Redis-backed limiter for distributed APIs and why atomicity matters. [5][6]
Hono/Elysia options: when to use ready-made middleware/plugin. [1][2]
HTTP 429 Too Many Requests and Retry-After: what the client should receive. [7]
Bad practices: IP-only limits, global limits for all routes, fail-open without alerts, plaintext API key in limiter key.

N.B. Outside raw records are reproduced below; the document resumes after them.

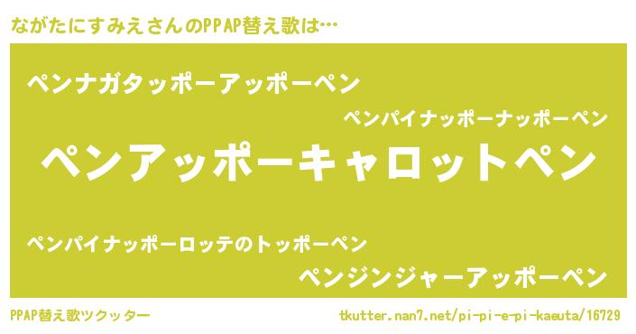 ながたにすみえさんのPPAP替え歌は… 『ペンアッポーキャロットペン』『ペンナガタッポーアッポーペン』『ペンジンジャーアッポーペン』 ツクッター #PPAP替え歌ツクッター http://tkutter.nan7.net/pi-pi-e-pi-kaeuta/16729/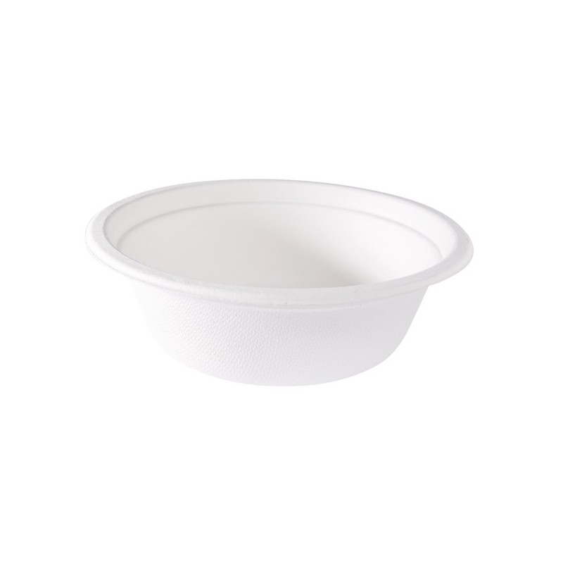 Fibra di canna da zucchero. Prodotto idoneo al contatto con alimenti secondo il regolamento CE n° 1935/2004 e successivi aggiornamenti. Prodotto conforme ai requisiti della Direttiva 94/62/CE per quanto riguarda il contenuto dei metalli pesanti. Non contiene sostanze sottoposte a restrizioni nelle legislazioni attualmente in vigore sui Food Contact Material. Il prodotto è monouso. Conservare il prodotto in luogo asciutto e lontano da fonti di calore (0°C +35°C). Max 180° in forno e max 800W in microonde per 2 min. Utilizzabile in freezer -18°C. Cibi caldi max 90°C per 30min. Max 6 ore a contatto con alimeniti. • Dimensioni : Ø 13,5cm - H 4,7cm • Peso unitario: 10,5gr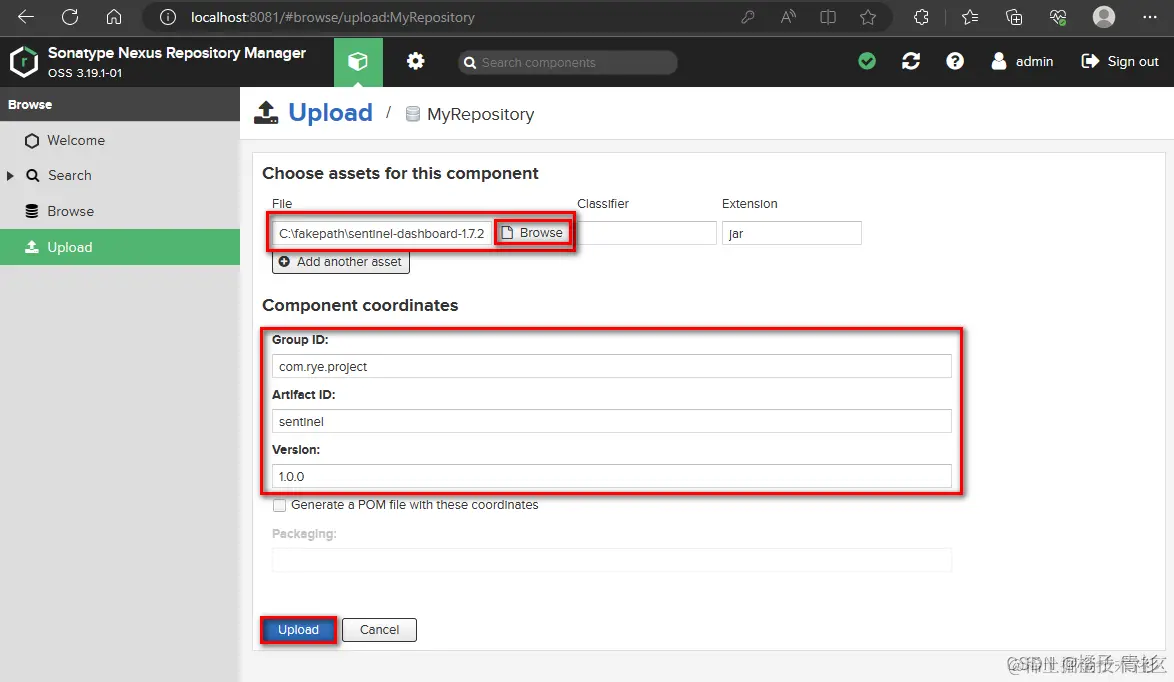 选择jar包,并填写相应信息,然后进行上传:

A rate limiter should be a small state machine, not a random check inside the handler. Once you split it into steps, most mistakes become visible before the code exists.

01

Define the identity key

This can be user id, API key id, tenant id, route group, IP, or a combination. For an authenticated API key, apiKeyId + routeGroup is usually better than plain IP.

02

Choose the policy

Different routes need different limits: login, search, export, webhook, public read, admin mutation. One global limit is almost always either too weak or too aggressive.

03

Atomically update the counter

In one process, that can be a Map. In a distributed API, that is Redis or another shared store. With Redis, increment + expiry or sliding-window update must be atomic.

04

Return a useful 429

The client should receive a stable JSON error, Retry-After, and preferably rate-limit headers. Otherwise, good clients do not know when to retry.

05

Log without secrets

Log limiter key hash/prefix, route group, tenant, decision, remaining, and reset time. Do not log the full API key or Authorization header.

Summary

If you do not have a clear answer for each of these steps, the limiter is not production-ready yet.

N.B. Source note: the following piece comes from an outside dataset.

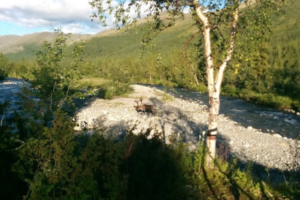 Переправились через реку. Она казалась обманчиво мелкой, но без обуви переходить было неприятно. В гости к нам заглянул шикарный упитанный олень.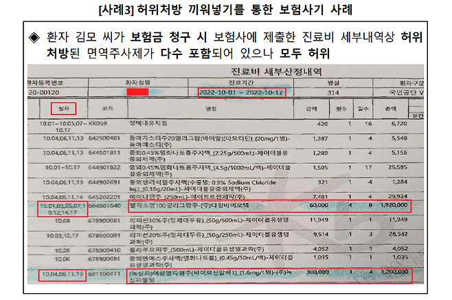 환자는 실제 치료비만 내고, 보험 청구용 진료내역은 부풀려서 제출하는 방식입니다.

The algorithm defines not only accuracy, but also UX. Two clients may have the same number of requests per minute, but one creates a burst at the window boundary while the other is evenly distributed.

AlgorithmHow it worksWhen it fitsWeak point
Fixed windowCounter for a fixed window, for example 100 requests per minuteSimple internal endpoints, low-risk APIs, cheap baselineBoundary burst: a client can make many requests across two window edges
Sliding window logStores request timestamps and counts only those inside the moving windowCritical APIs, login, checkout, expensive operationsMore storage and cleanup work per request
Sliding window counterApproximates a moving window through the current and previous bucket windowA balance of accuracy and cost for high-traffic APIsLess accurate than the log variant and needs careful reset math
Token bucketThe client has a bucket of tokens that refills over timeAPIs where a short burst is fine but average rate must be controlledCapacity and refill rate must be chosen correctly

Fixed window is simple, sliding window is more accurate, and token bucket handles legitimate bursts better.

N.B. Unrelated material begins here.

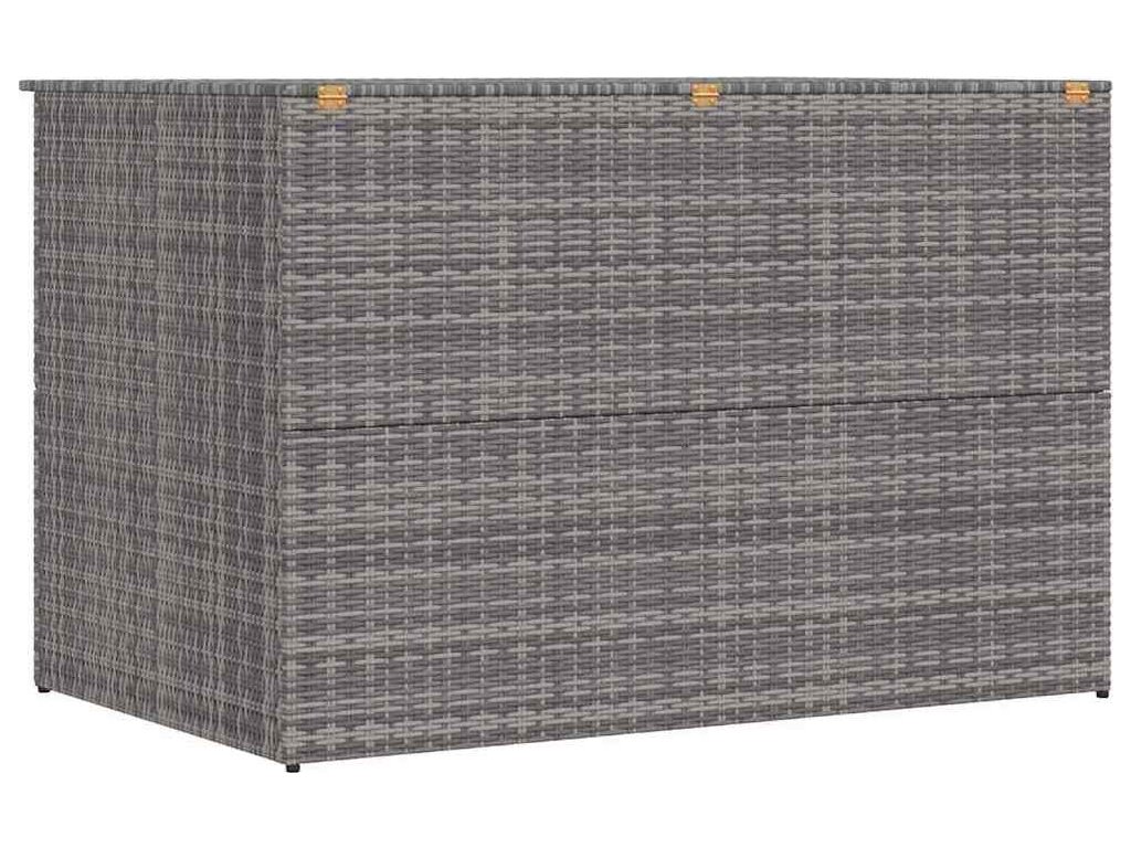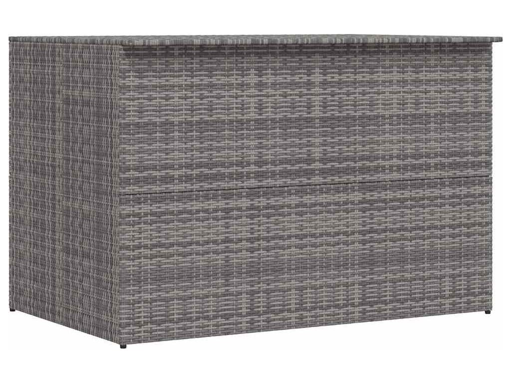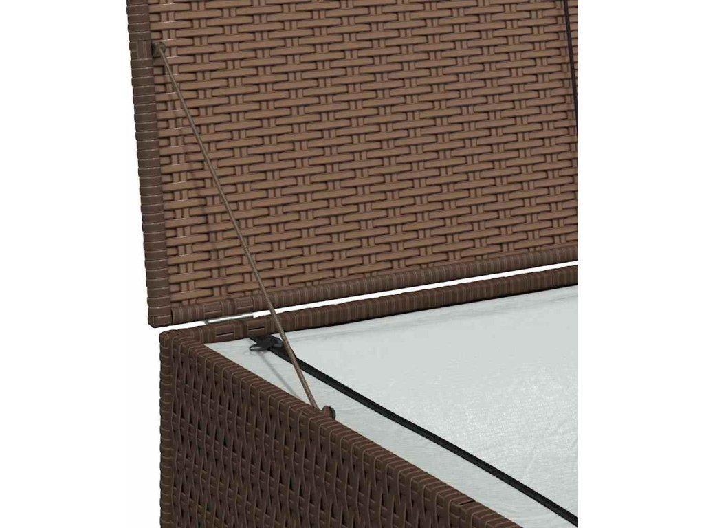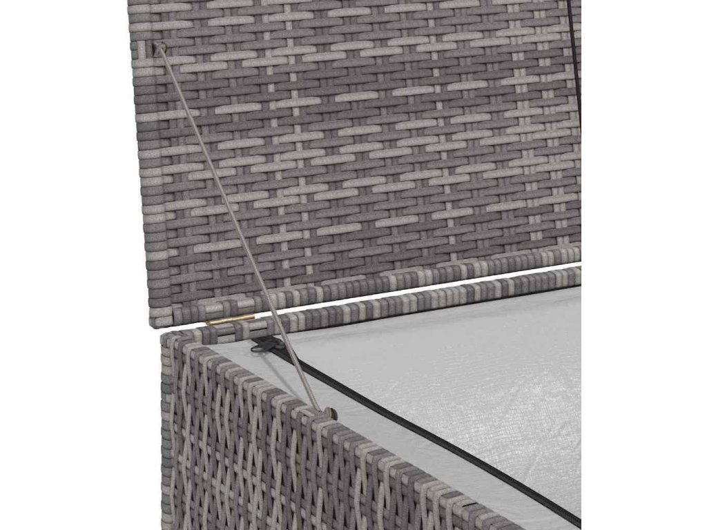 Klimaticky odolný PE ratan, ze kterého je úložná truhla vyrobená, se snadno čistí, je odolný vůči opotřebení a vhodný jak pro venkovní, tak i vnitřní použití. Zahradní úložný box má pevný ocelový rám s práškovým nástřikem, který zaručuje dlouhou životnost. Vnitřní výstelka z PE se zapínáním na zip ochrání obsah před vlhkostí. Úložná truhla má moderní design, který se hodí do jakéhokoli bydlení, ať už uvnitř nebo venku.

Section algorithm-choice screenshot

Summary

Start with fixed window for a simple baseline, but public expensive routes usually benefit from sliding window or token bucket.

For a single Bun process, you can write a simple in-memory fixed-window limiter. It is useful for local dev, internal tools, single-instance deployments, or as a fallback, but it does not synchronize across instances.

A minimal example:

TS
type LimitEntry = { count: number; resetAt: number };
const limits = new Map<string, LimitEntry>();

const WINDOW_MS = 60_000;
const MAX_REQUESTS = 120;

function rateLimitKey(req: Request) {
  const apiKeyId = req.headers.get("x-api-key-id");
  const ip = req.headers.get("x-forwarded-for")?.split(",")[0]?.trim() ?? "unknown";
  return apiKeyId ? `api:${apiKeyId}` : `ip:${ip}`;
}

function checkLimit(key: string, now = Date.now()) {
  const current = limits.get(key);

  if (!current || current.resetAt <= now) {
    limits.set(key, { count: 1, resetAt: now + WINDOW_MS });
    return { allowed: true, remaining: MAX_REQUESTS - 1, resetAt: now + WINDOW_MS };
  }

  if (current.count >= MAX_REQUESTS) {
    return { allowed: false, remaining: 0, resetAt: current.resetAt };
  }

  current.count += 1;
  return { allowed: true, remaining: MAX_REQUESTS - current.count, resetAt: current.resetAt };
}

Bun.serve({
  async fetch(req) {
    const decision = checkLimit(rateLimitKey(req));

    if (!decision.allowed) {
      const retryAfter = Math.ceil((decision.resetAt - Date.now()) / 1000);
      return Response.json(
        { error: "rate_limited", retryAfter },
        { status: 429, headers: { "Retry-After": String(retryAfter) } },
      );
    }

    return Response.json({ ok: true, remaining: decision.remaining });
  },
});

This is a fixed-window baseline. It does not actively clean old keys, does not work across multiple processes, does not have tenant-specific policies, and does not protect against boundary bursts. But it shows the right shape: key, counter, decision, 429, Retry-After.

Where it fits

An in-memory limiter is fine for one process or as a cheap local guard. A production API with autoscaling needs a shared store.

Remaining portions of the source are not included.